Bu manevi şahsiyetlerden biri de Osmangazi ilçesine bağlı surlar bölgesinde, Kavaklı Caddesi üzerinde yer alan ve halk arasında “Köpüklü Dede” olarak anılan türbe. Küçük bir bahçenin içinde yer alan mermer mezar, özellikle yoldan geçenlerin ve turistlerin dikkatini çekiyor.
Ancak mezarın çevresinde herhangi bir bilgilendirme tabelasının olmaması, Bursa’nın kültürel ve tarihi mirasını yeterince tanıtamadığı yönünde eleştirilere neden oluyor.

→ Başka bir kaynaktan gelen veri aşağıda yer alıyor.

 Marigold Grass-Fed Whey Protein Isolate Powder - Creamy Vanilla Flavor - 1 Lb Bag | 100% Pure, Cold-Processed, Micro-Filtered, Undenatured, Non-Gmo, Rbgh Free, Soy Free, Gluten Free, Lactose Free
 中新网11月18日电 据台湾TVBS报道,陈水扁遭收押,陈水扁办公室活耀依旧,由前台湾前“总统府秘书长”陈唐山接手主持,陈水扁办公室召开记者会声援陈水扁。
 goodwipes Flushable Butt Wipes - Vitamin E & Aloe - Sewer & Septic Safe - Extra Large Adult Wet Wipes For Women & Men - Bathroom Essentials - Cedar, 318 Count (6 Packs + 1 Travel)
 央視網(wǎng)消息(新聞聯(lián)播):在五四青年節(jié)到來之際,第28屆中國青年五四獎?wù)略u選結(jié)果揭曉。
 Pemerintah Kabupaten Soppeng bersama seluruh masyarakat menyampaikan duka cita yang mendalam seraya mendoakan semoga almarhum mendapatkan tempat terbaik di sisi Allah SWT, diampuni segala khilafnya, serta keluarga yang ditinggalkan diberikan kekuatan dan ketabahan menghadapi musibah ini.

Mezar taşında “Derviş Mehmed Bin Hamdi Şehr Baba” ibaresinin yer aldığı rivayet edilen türbe, mimarisi ve yapısıyla da dikkat çekiyor.
Yüksek mezar taşları ve lahitten oluşan mermer kabir, bölgede eskiden bir medrese ya da mescide ait hazire içinde yer aldığı tahmin ediliyor. Ancak günümüze yalnızca mezar kalmış durumda.

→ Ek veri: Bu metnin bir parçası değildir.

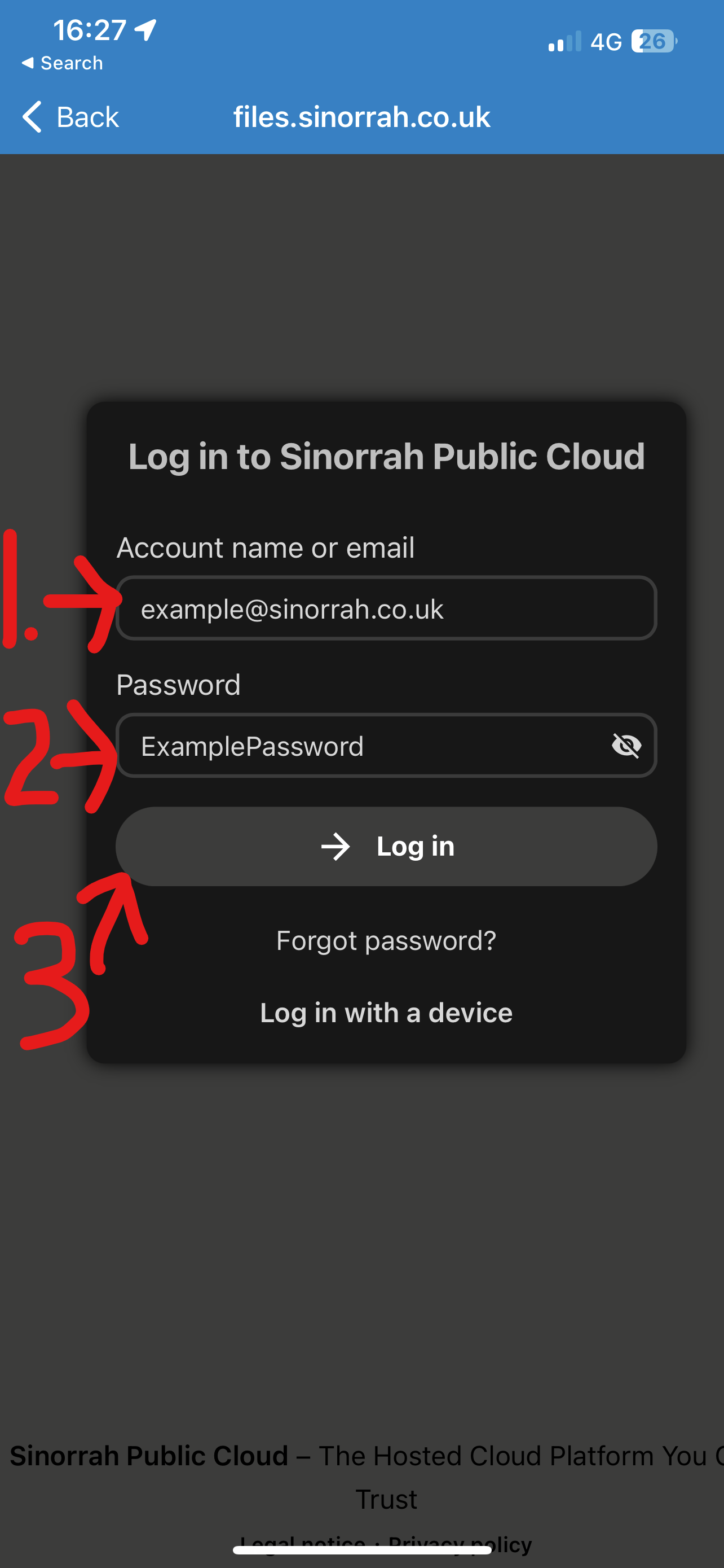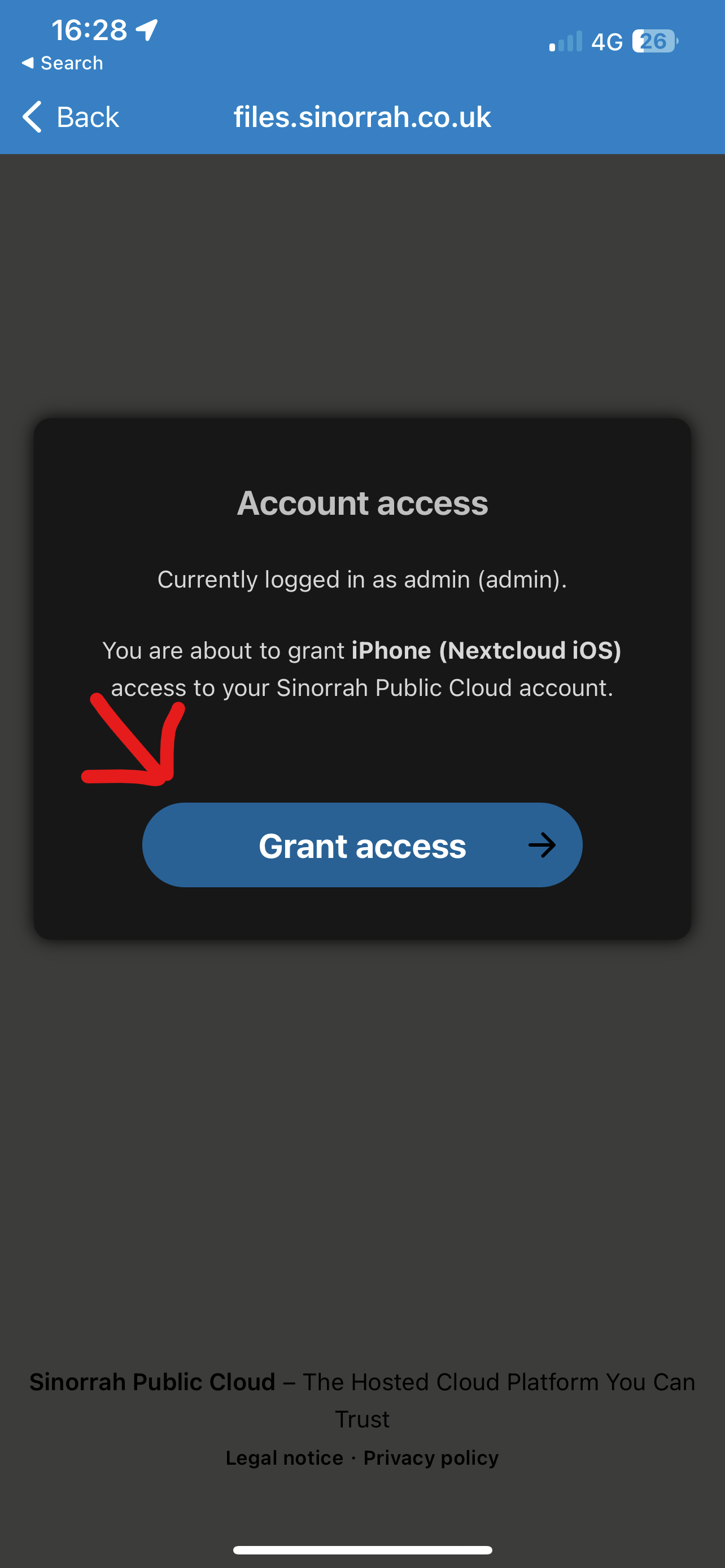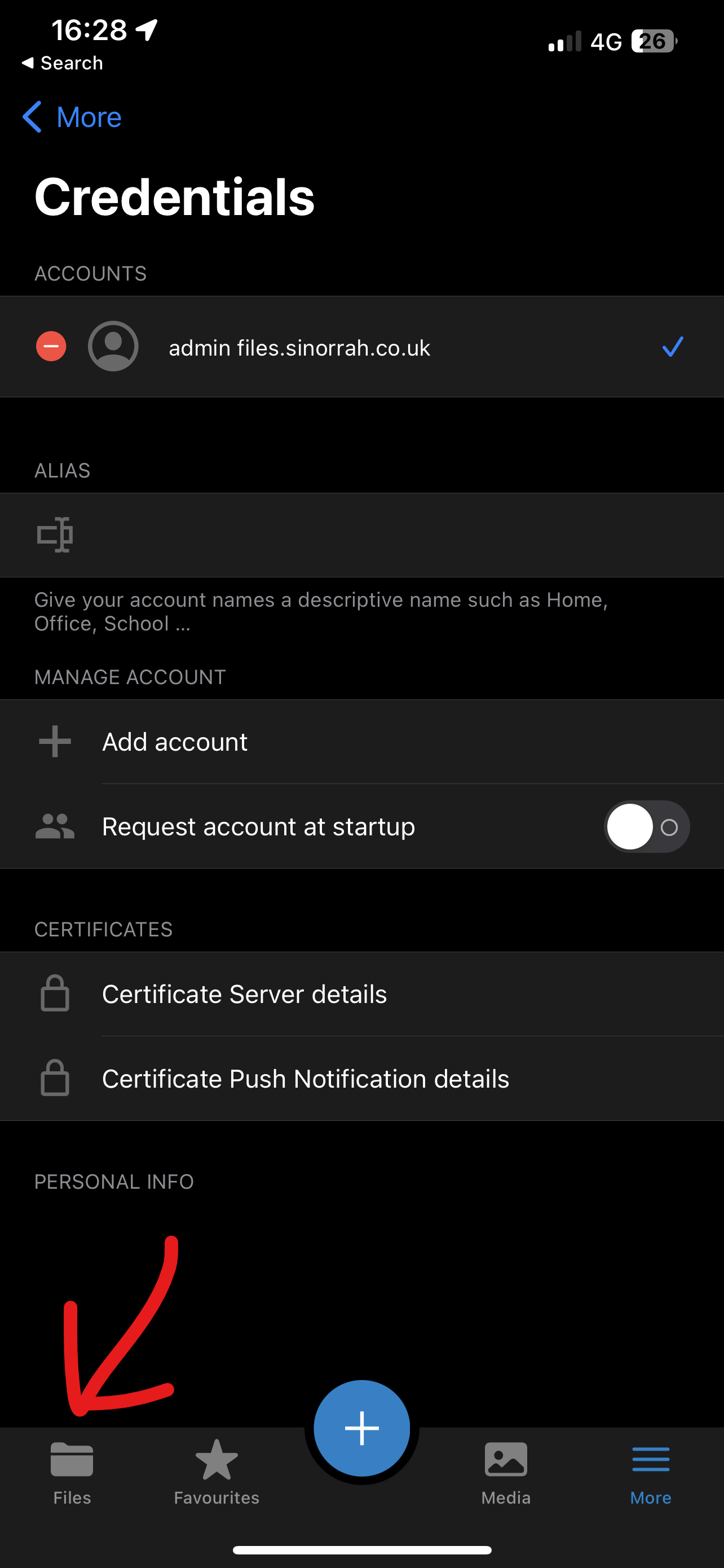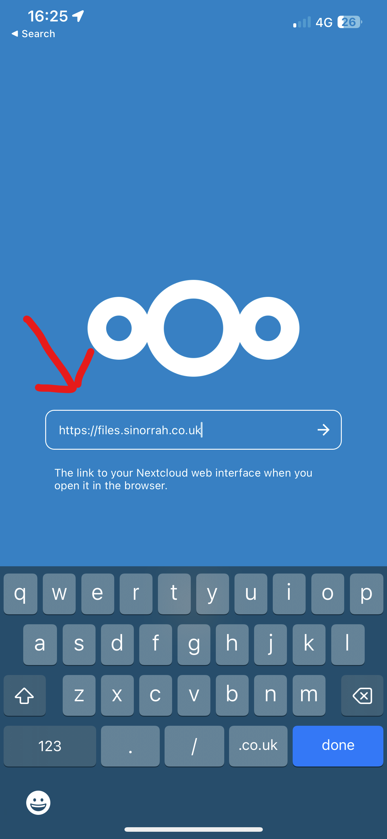 - Enter in the "Server Address" box "https://files.sinorrah.co.uk"

Mahalle sakinlerinin verdiği bilgilere göre, halk arasında Köpüklü Dede olarak anılan bu zatın asıl adının “Kirpiksiz dede” olduğu ve kirpikleri olmadığı için bu şekilde anıldığı da rivayet ediliyor.
Ancak genel kaynaklarda “Köpüklü Dede” ismiyle biliniyor ve bu isimle anılmaya devam ediliyor.
Köpüklü Dede’nin türbesi, tıpkı Sinandede Mahallesi’nde bulunan Dürt Dede ve Sinan Dede türbeleri gibi sadece mezardan oluşuyor ve üzeri kapalı değil. Türbe hakkında yazılı kaynaklarda çok fazla bilgi bulunmasa da halk arasında türbeye ilişkin farklı inanç ve ritüeller yaşatılmaya devam ediyor. Bunlardan biri de “dilek taşı” geleneği. Rivayete göre, mezar taşına dilek tutularak küçük bir taş yapıştırılıyor ve eğer taş düşmeden yapışırsa dileğin gerçekleşeceğine inanılıyor. Bu tür manevi mekânların tanıtılması ve korunması gerektiğini belirten mahalle sakinleri, Köpüklü Dede gibi kıymetli evliya türbelerinin daha görünür hale getirilmesi ve tarihi değerlerinin kayıt altına alınması gerektiğini ifade ediyor.